__Extracted records__
Start of Block

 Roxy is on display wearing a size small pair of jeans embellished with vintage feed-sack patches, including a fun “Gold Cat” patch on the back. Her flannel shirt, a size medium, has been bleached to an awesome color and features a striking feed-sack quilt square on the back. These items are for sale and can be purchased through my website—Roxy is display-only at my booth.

End of Block
Start of Block

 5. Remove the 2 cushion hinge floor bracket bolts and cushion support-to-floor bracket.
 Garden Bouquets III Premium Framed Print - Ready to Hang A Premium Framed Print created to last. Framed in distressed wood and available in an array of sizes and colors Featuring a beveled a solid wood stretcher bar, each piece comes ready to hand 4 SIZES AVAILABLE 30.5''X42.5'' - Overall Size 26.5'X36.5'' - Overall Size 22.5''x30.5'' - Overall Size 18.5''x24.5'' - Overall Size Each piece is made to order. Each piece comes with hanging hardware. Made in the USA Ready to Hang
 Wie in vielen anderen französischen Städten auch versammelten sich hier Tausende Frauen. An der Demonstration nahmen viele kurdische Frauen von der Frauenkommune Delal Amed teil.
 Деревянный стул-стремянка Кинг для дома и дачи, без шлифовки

End of Block
Start of Block

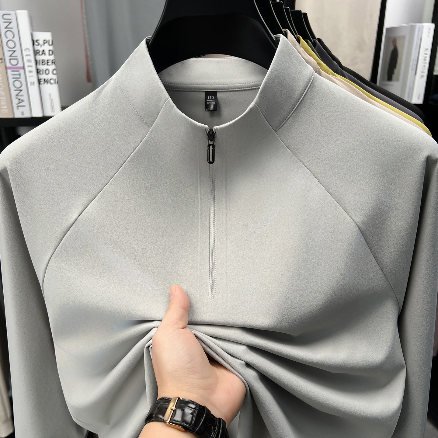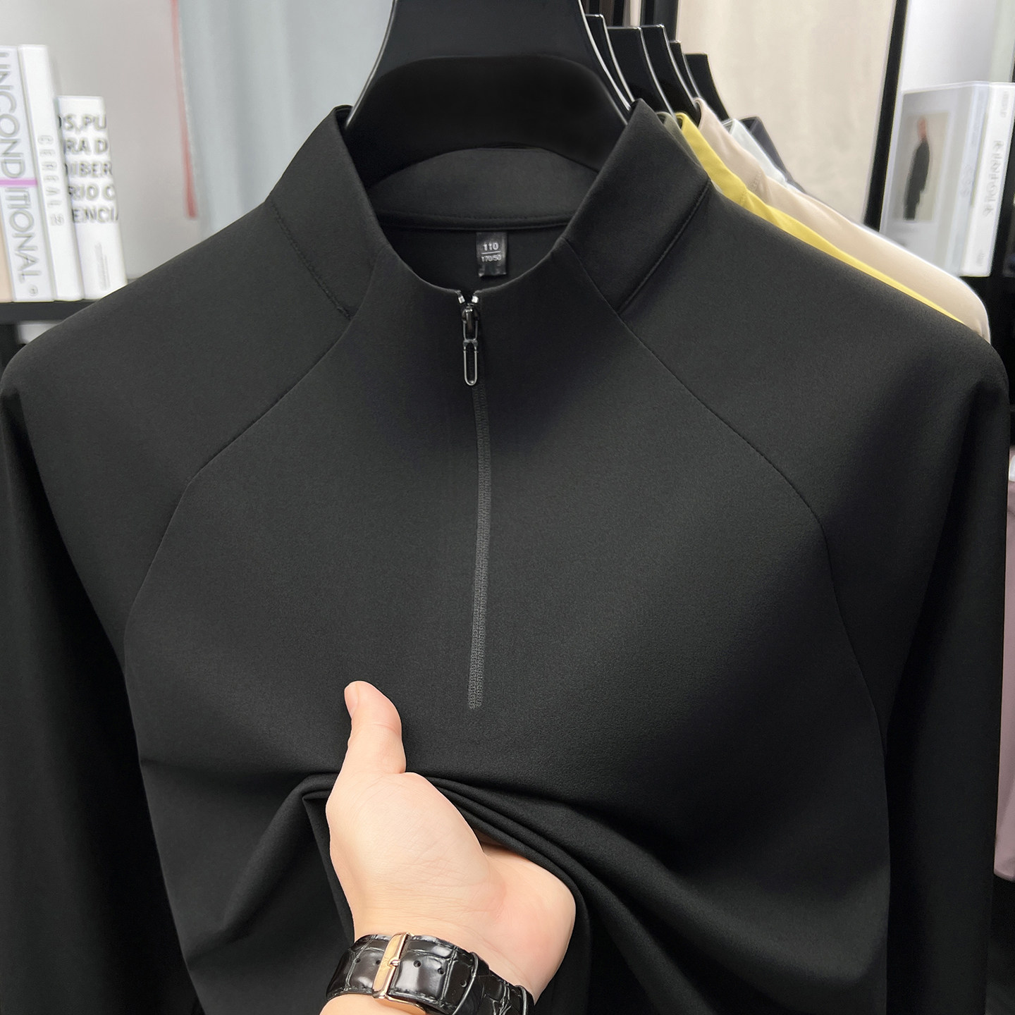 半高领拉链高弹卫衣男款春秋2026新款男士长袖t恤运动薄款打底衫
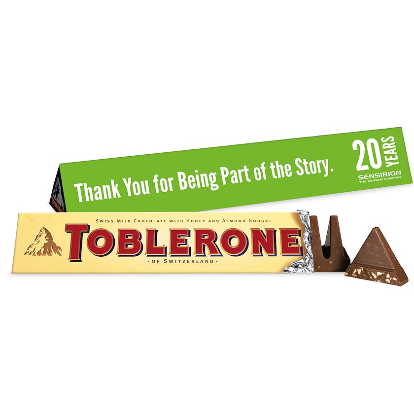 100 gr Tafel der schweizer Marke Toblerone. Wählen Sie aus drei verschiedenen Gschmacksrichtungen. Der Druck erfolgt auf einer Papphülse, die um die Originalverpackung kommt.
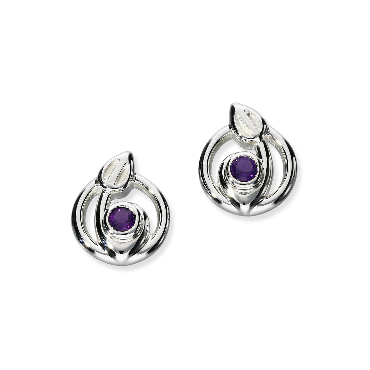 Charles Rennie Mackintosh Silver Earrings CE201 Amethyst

End of Block

__Task instructions__
For this exercise, repeat exactly the lines of the data above from the one with "Wie in vielen" down to the one with "Деревянный стул-стремянка Кинг", both end lines included.

__Result__
 Wie in vielen anderen französischen Städten auch versammelten sich hier Tausende Frauen. An der Demonstration nahmen viele kurdische Frauen von der Frauenkommune Delal Amed teil.
 Деревянный стул-стремянка Кинг для дома и дачи, без шлифовки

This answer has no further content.